I have thought a lot about this in the previous weeks and have been  
flip-flopping on the issue. This is why I haven't written up a better  
explanation of the problem previously -- I'm not yet 100% sure what my  
own opinion on the issue is.

Anyway, I will explain it here as good as I can. This is going to be  
quite long, sorry about that.


1. Why the SQL query based approach is nice
-------------------------------------------

First, I definitely see the attraction of the SQL query based  
approach. I understand this approach as: leveraging the expressivity  
of SQL to do as much of the mapping/transformation as possible, with  
some simple glue around it that essentially turns each SQL result  
record into a few triples according to some simple rules.

It's attractive because the approach leverages existing SQL knowledge  
of mapping authors; it maximises expressivity; it means we don't have  
to specify a large chunk of the problem ourselves; it produces  
syntactically compact mappings. So, purely from an authoring point of  
view it is definitely a nicer approach than any of the proposed  
alternatives (D2RQ, Virtuoso RDF views, R2O etc).

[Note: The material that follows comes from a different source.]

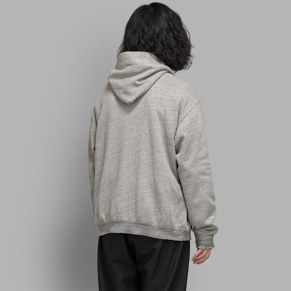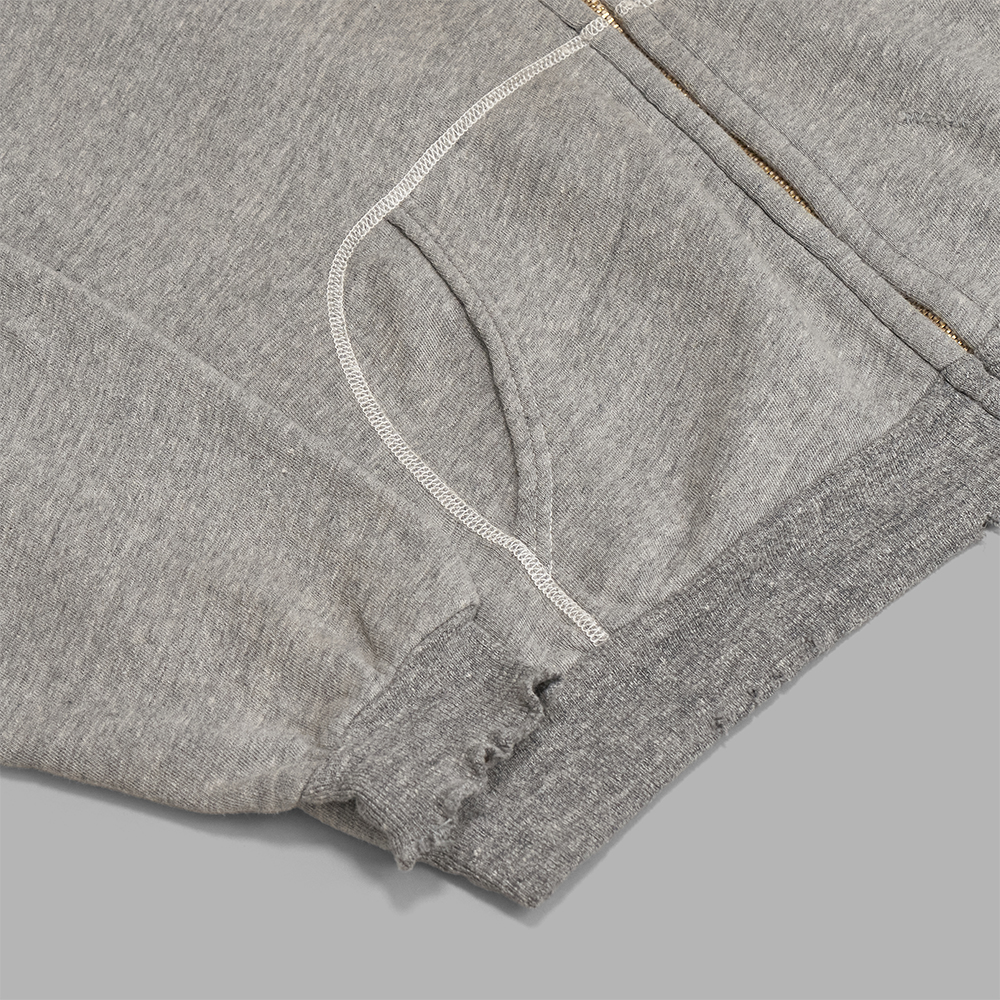 デザインは、60's前後のヴィンテージのZIPパーカをイメージしています。薄く伸びきって緩くなったリブをあえて再現し、崩れたシルエットに設計していることが特徴です。4本針ミシンで縫い付けられた腰ポケットも、ヴィンテージならではのディテールです。

In order to run SPARQL queries against such a mapped database, one  
would use the “triple view” approach, as detailed in Juan's work. So  
the SPARQL-to-SQL engine would create a single view in the DB which  
consists of lots of unions and in the end contains one row for each  
mapped triple, with subject, predicate and object. How to run SPARQL  
queries against such a relational structure is well-known from prior  
work on database-backed triple stores. The result is a humongous SQL  
query over a humongous view definition, but as Juan has shown, good  
SQL optimizers can simplify this into a reasonable query plan.

So here is why I argue against this approach.


2. Why the SQL query based approach fails in some cases
-------------------------------------------------------

First, I assume read-only access to the database. I cannot create  
custom views. So, to run SPARQL queries with the approach above, I'd  
have to use sub-SELECTs rather than views, which in theory should work  
just fine and should be an implementation detail.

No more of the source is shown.